_The problem:_ Skip the pictures. Output only the lines below starting at the line with "want to edit" and ending at the line with "Ardından, köprüyü içeren", both ends included, exactly as they are.

_Provided records:_
╭──
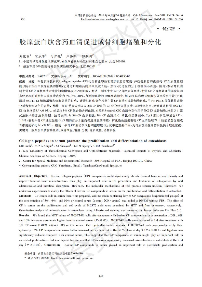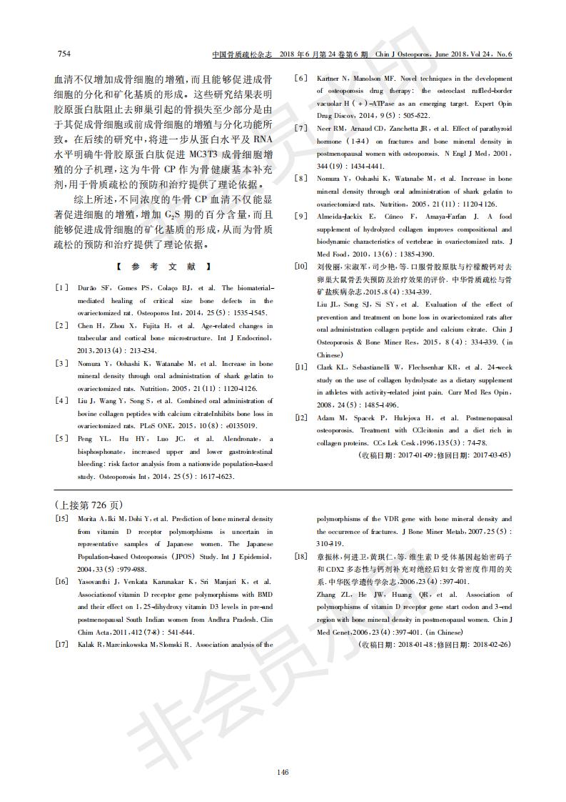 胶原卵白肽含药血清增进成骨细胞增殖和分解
╰──
╭──
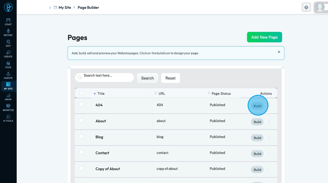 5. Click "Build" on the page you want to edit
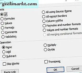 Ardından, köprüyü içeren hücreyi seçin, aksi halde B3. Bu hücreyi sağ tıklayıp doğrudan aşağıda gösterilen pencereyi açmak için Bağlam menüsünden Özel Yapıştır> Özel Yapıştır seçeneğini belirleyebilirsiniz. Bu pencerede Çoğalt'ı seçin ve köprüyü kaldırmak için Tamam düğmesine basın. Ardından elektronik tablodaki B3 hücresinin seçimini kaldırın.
╰──
_Response to this task:_
 5. Click "Build" on the page you want to edit
 Ardından, köprüyü içeren hücreyi seçin, aksi halde B3. Bu hücreyi sağ tıklayıp doğrudan aşağıda gösterilen pencereyi açmak için Bağlam menüsünden Özel Yapıştır> Özel Yapıştır seçeneğini belirleyebilirsiniz. Bu pencerede Çoğalt'ı seçin ve köprüyü kaldırmak için Tamam düğmesine basın. Ardından elektronik tablodaki B3 hücresinin seçimini kaldırın.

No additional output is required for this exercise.